>>>
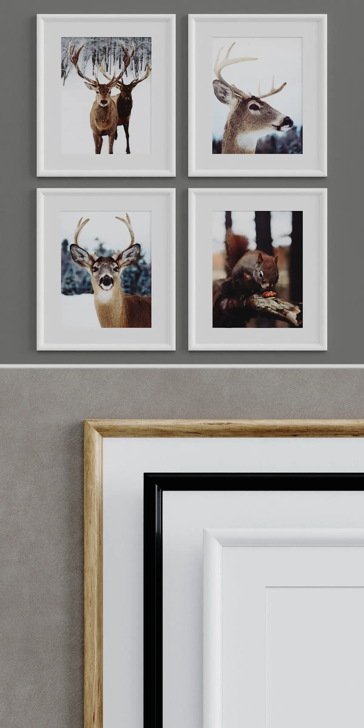 In the model there are 3 types of material for the design of frames Black, white and wood
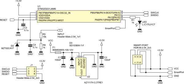 Schemat elektryczny jest zredukowany do niezbędnego minimum. Oprócz samego procesora zawiera stabilizator napięcia 3,3 V, oraz dzielnik napięcia zrealizowany na elementach R5 i R6 wraz z diodą zenera zabezpieczającą port przed wystąpieniem zbyt wysokiego napięcia. Dioda LED sygnalizuje poprawną komunikację na porcie SmartPort. W projekcie użyto stabilizatora typu LD1117S33, dzięki czemu czujnik może być zasilany napięciem powyżej 5 V bezpośrednio z odbiornika zasilanego np. z akumulatorów litowych.
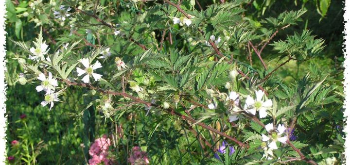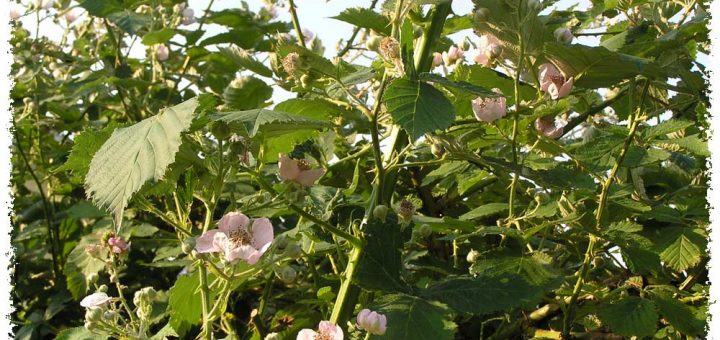Ronces: noire Theodor Reimers, Rubus fruticosus, aux belles fleurs roses.
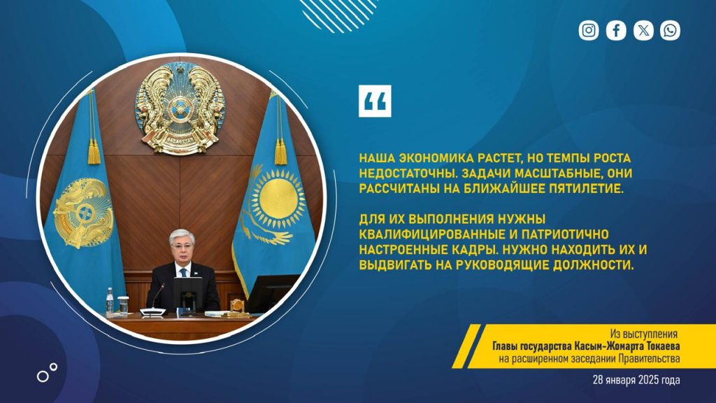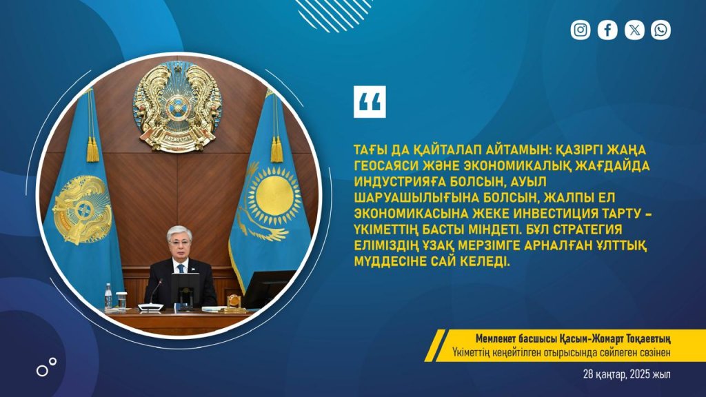 Мемлекет басшысы Қасым-Жомарт Тоқаевтың Үкіметтің кеңейтілген отырысында сөйлеген сөзінен 25 қаңтар 2025 жыл
<<<
▶ [TASK TO CARRY OUT]:
The material shown above is to be repeated verbatim, and its pictures are to be omitted.

▶ [RESULT OF THIS EXERCISE]:
 In the model there are 3 types of material for the design of frames Black, white and wood
 Schemat elektryczny jest zredukowany do niezbędnego minimum. Oprócz samego procesora zawiera stabilizator napięcia 3,3 V, oraz dzielnik napięcia zrealizowany na elementach R5 i R6 wraz z diodą zenera zabezpieczającą port przed wystąpieniem zbyt wysokiego napięcia. Dioda LED sygnalizuje poprawną komunikację na porcie SmartPort. W projekcie użyto stabilizatora typu LD1117S33, dzięki czemu czujnik może być zasilany napięciem powyżej 5 V bezpośrednio z odbiornika zasilanego np. z akumulatorów litowych.
Ronces: noire Theodor Reimers, Rubus fruticosus, aux belles fleurs roses.
 Мемлекет басшысы Қасым-Жомарт Тоқаевтың Үкіметтің кеңейтілген отырысында сөйлеген сөзінен 25 қаңтар 2025 жыл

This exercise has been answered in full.